I was Lilja af Úlfur. I refused to share in my father’s shame, the memory of his cruel and ruthless acts. But his power ran through me, and it always would. Narrowing my eyes, I made my face cold, bringing all my anger to the surface.
“You will tell me everything,” I said more harshly. “I am the heir to the House of Úlfur! I have my family’s power!” I held my amulet higher, the moonstone shining whitely. The hunger that showed on Egthor’s face as he stared at it was uncomfortable to see. Gritting my teeth against the pain, praying I wouldn’t faint and keel over backward, I forced myself up the steps.
“You will tell me everything,” I hissed. “You will teach me what you know. Or I’ll strip your skin from you with a word, cut off your head, and feed you to the dogs!”
River’s face was expressionless; Reyn’s was watchful.
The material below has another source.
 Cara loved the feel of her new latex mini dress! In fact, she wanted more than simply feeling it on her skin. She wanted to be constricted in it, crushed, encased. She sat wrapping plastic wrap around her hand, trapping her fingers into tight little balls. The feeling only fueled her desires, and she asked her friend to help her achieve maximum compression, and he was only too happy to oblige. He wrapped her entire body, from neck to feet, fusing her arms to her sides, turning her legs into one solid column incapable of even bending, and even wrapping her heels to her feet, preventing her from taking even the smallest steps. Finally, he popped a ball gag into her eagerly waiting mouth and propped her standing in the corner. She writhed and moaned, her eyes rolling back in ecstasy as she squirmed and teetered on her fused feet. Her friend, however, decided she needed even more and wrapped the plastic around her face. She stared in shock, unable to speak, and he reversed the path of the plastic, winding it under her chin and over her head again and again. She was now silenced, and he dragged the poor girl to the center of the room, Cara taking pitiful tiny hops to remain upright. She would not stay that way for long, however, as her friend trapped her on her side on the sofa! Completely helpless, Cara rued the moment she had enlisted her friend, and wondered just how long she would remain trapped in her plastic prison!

At the bottom of the steps, Dúfa’s whiplike tail thumped once, as if politely accepting the offer of Egthor’s head.
Egthor’s eyes wide
ned, but he didn’t respond. Then Asher tugged on the chain, Daisuke and Joshua came up to help him, and Anne started murmuring spells under her breath. Egthor and Agata were led away. River awkwardly sat down on the steps and buried her face in her hands.
The world started to dim around the edges of my vision, and the rushing sound came back to roar in my ears. “Uh-oh,” I said, and everything went black.
CHAPTER 33
And that, oh best beloved, is the story of how my life began, when I was 459 years old. Looking at me now, a leader in the immortal community, someone respected for knowledge and wisdom—
“You are so full of it,” Reyn said over my shoulder. “No one’s going to believe that.”
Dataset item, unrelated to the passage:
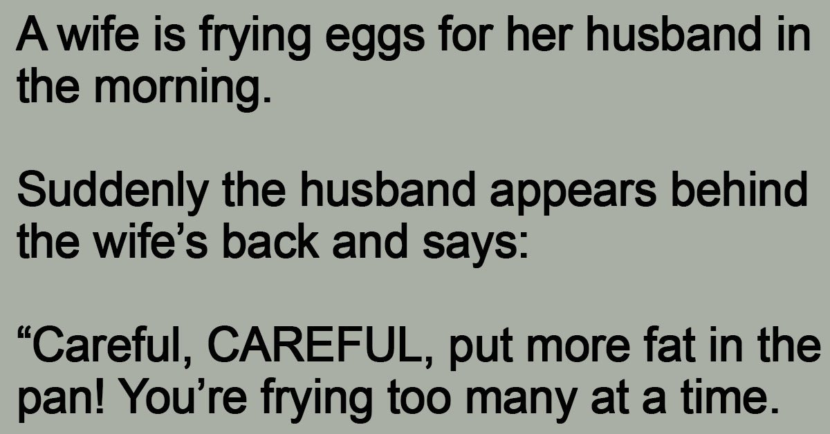The husband answers calmly:

I glared at him, trying to cover the screen with my hands. “Go away! No one asked you!”
“Leader in the immortal community?” He scoffed. “You missed the last meeting because you stayed up late to watch Dancing with the Stars!”
“Shut up! Again, no one asked you!”
“Plus, I’m taller than you said I am.”
“Oh my God! How much did you read?”
“I’m really closer to six-one.”
My mouth dropped open. “Oh. My. God. I can’t believe you read this.”
He grinned unrepentantly, and as usual it made a little butterfly of excitement flutter in my chest. I ruthlessly crushed the butterfly: There were serious issues at stake.
Standing up, I put my hands on my hips. Over on the couch, adolescent Dúfa opened her eyes, stood up, and stretched.
“You mad? You want to come get me?” Reyn raised his eyebrows suggestively.
I knew that look, and so did all the cells in my traitorous body, which started squealing and jumping up and down in anticipation.
“You need to leave,” I said firmly, crossing my arms.
“You can’t kick me out. I live here. Plus, I have custody of the child.” He nodded at Dúfa, who jumped down and did the “downward-facing dog” stretch. She was growing into her long stick legs, and in general was a smidgen less awkward and funny looking.